[Rd] library path in Rd link

Duncan Murdoch murdoch at stats.uwo.ca
Thu Nov 15 00:44:13 CET 2007

On 14/11/2007 6:09 PM, Adrian Dusa wrote:
> On Wednesday 14 November 2007, Duncan Murdoch wrote:
>> On 11/14/2007 8:49 AM, Adrian Dusa wrote:
>>> [...]
>>> Is there a method to create links to functions from the base package, for
>>> example (which is installed by default in the normal library folder)?
>> I believe this is normally automatic in platforms other than Windows.
>> On Windows, the answer is no.
> This is what I thought, too. But if I link for example to function anova() in 
> pacakge stats, the html link after installing the new package is:
> file:///home/adi/myRlibrary/stats/html/anova.html
> where the stats package is by default installed in:
> /usr/lib/R/library/
> (indeed my question was related to Windows too, not only on Linux)
>> The problem is that in most cases R isn't in charge of the help file
>> viewing.  There isn't a good way to make a link from an HTML file to a
>> location that isn't known in advance, for example.
>> On Unix-alikes, the workaround is to build soft links to all the
>> packages in a standard location; but soft links don't work on Windows
>> (and we don't want to get into the almost-undocumented hard links that
>> exist on some Windows file systems).
> I understand, thank you.
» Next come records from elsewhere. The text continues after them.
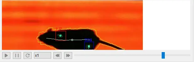 После классификации следов на отпечатке в прямоугольнике другого цвета будет нарисована белая кривая, обозначающая форму тела мыши.
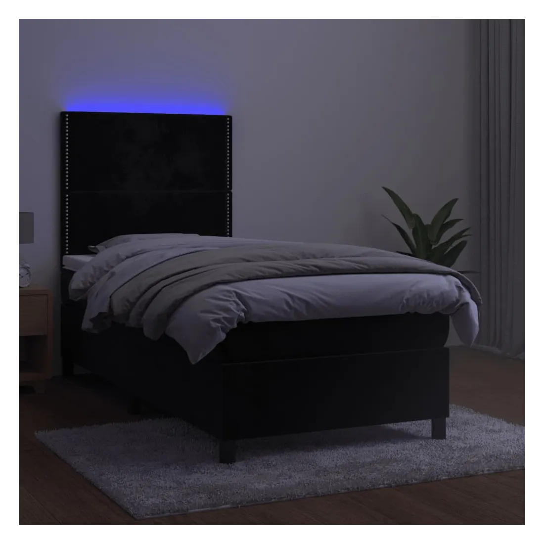 Utilisez ce sommier tapissier avec matelas et LED pour profiter d'un sommeil réparateur ! C'est le point central de votre chambre à coucher. Velours doux : le velours est un tissu doux et luxueux qui se reconnaît à son tas dense de fibres uniformément coupées qui ont une touche lisse. Le tissu en velours présente un toucher doux distinctif, ce qui le rend confortable au toucher.Tête de lit pratique : la tête de lit est réglable en hauteur selon vos préférences. La tête de lit vous offre un excellent soutien du dos lorsque vous êtes assis dans votre lit pour lire ou regarder la télévision.Bande LED colorée : apportez de l'éclairage dans l'obscurité avec des lumières LED colorées !Matelas à ressorts ensachés : le ressort ensaché individuel intégré est connu pour sa très haute qualité tout en assurant un haut niveau de durabilité et d'adaptabilité. Il peut absorber efficacement le bruit et les chocs causés par les sauts et les rotations.Protège-matelas doux pour la peau : le protège-matelas est recouvert d'un tissu résistant et doux pour la peau, ce qui le rend souple et confortable. Remarque :Pour des raisons d'hygiène, le matelas ne peut pas être retourné si l'emballage est retiré ou ouvert.Seule la partie avec un symbole de ciseaux peut être coupée et seule la partie avec l'USB continuera à fonctionner comme avant.Chaque produit est livré avec un manuel de montage dans la boîte pour un montage facile.Ce produit est doté d'un connecteur USB, mais la source d'alimentation certifiée de USB 5V n'est pas incluse.
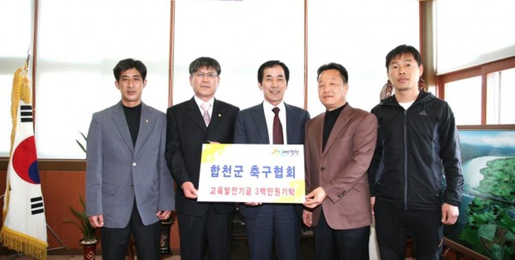 합천군 축구협회(회장 전점현)도 같은날 오후 3시 합천군청을 방문하여 회원들이 십시일반 모아 마련한 기금을 지역교육여건 개선을 위해 써달라며 교육발전기금 300만원을 하창환 군수에게 기탁했다.

I learned from Prof. Ripley's answer that Windows has 
> link.html.help() function to resolve the html help files from all installed 
> packages.

I didn't know about that; I mainly use the CHMHELP files.  They don't 
support this, being precompiled when the binary package is built. 
Another reason to switch.

The link is probably "../../stats/html/anova.html", and is just being 
displayed by your browser that way.  This is correct:  R installs soft 
links to all packages in one place.  The HTML code doesn't get fixed up 
the way it needs to be on Windows.

Are you browsing the files from outside of R?  As far as I know (and I 
rarely use Unix so this may be out of date info) the links are set up in 
a temporary directoy when you call .libPaths(), and are removed at the 
end of your session.  I don't know if calling library(foo, 
lib.loc="mine") is enough to link the foo help into the system.